ADR 003 — Vertex AI Embeddings (text-embedding-005)¶
Accepted Date: 2025 Deciders: CEP AI Team
Context¶
High-quality semantic embeddings are the backbone of Stage 1 retrieval. The embedding model determines:
- Whether colloquial queries ("barista", "runs a café") match correctly
- The vector dimension (affects index size and memory)
- Latency and cost per query
We evaluated:
| Model | Dimensions | Task types | Auth | Latency |
|---|---|---|---|---|
| Vertex AI text-embedding-005 | 768 | Asymmetric (QUERY / DOCUMENT) | gcloud ADC | ~150–200 ms |
| OpenAI text-embedding-3-large | 3072 | Symmetric | API key | ~80–120 ms |
| OpenAI text-embedding-3-small | 1536 | Symmetric | API key | ~50–80 ms |
| Cohere embed-v3 | 1024 | Asymmetric | API key | ~100–150 ms |
| Local (sentence-transformers) | 384–768 | Symmetric | None | ~5–50 ms |
Decision¶
We chose Vertex AI text-embedding-005.
Reasons:
-
Existing GCP auth infrastructure — The organisation already uses GCP (
top-arc-65ca,australia-southeast1). gcloud Application Default Credentials were already configured. No new API keys to manage. -
Asymmetric task types —
RETRIEVAL_QUERYvsRETRIEVAL_DOCUMENTtask types optimise the embedding space for retrieval asymmetry. A short query embedding and a long document embedding are in compatible spaces. OpenAI's text-embedding-3 models do not support this distinction. -
Data residency —
australia-southeast1keeps embeddings generation within Australian GCP infrastructure, satisfying corporate data policy. -
768 dimensions — Smaller than OpenAI's 3072-dim model, reducing HNSW index memory and cosine distance computation time, with negligible quality difference at this dataset size.

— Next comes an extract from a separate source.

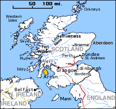 Glasgow to Arran 47 mi. 1:45 (incl Ferry)

Asymmetric retrieval explained¶
Query: "mobile mechanic" → RETRIEVAL_QUERY embedding
Documents: "Automotive Repair and → RETRIEVAL_DOCUMENT embeddings
Maintenance (own account) (pre-computed at ingest time)
Motor Vehicle Parts..."
The model is trained so that RETRIEVAL_QUERY vectors lie close to RETRIEVAL_DOCUMENT vectors for semantically related text, even when the surface forms are completely different. This is why "barista" finds "Cafes and Restaurants" rather than just keyword matches.
Consequences¶
Positive:
- Works within existing GCP auth (
gcloud auth application-default login) - Embeddings remain within Australian infrastructure
GCPAuthManageris shared with Gemini — one token serves both adapters
Negative / trade-offs:
- Requires network access (or proxy) to
australia-southeast1-aiplatform.googleapis.com - Cannot run fully offline (unlike local sentence-transformers)
- gcloud subprocess for auth adds ~30 ms to the first call per session
When to revisit:
If offline operation becomes a requirement, swap in a local embedding model
via a new adapter. The EmbeddingPort abstraction makes this a one-file change.
EMBED_DIM in settings handles the dimension change transparently.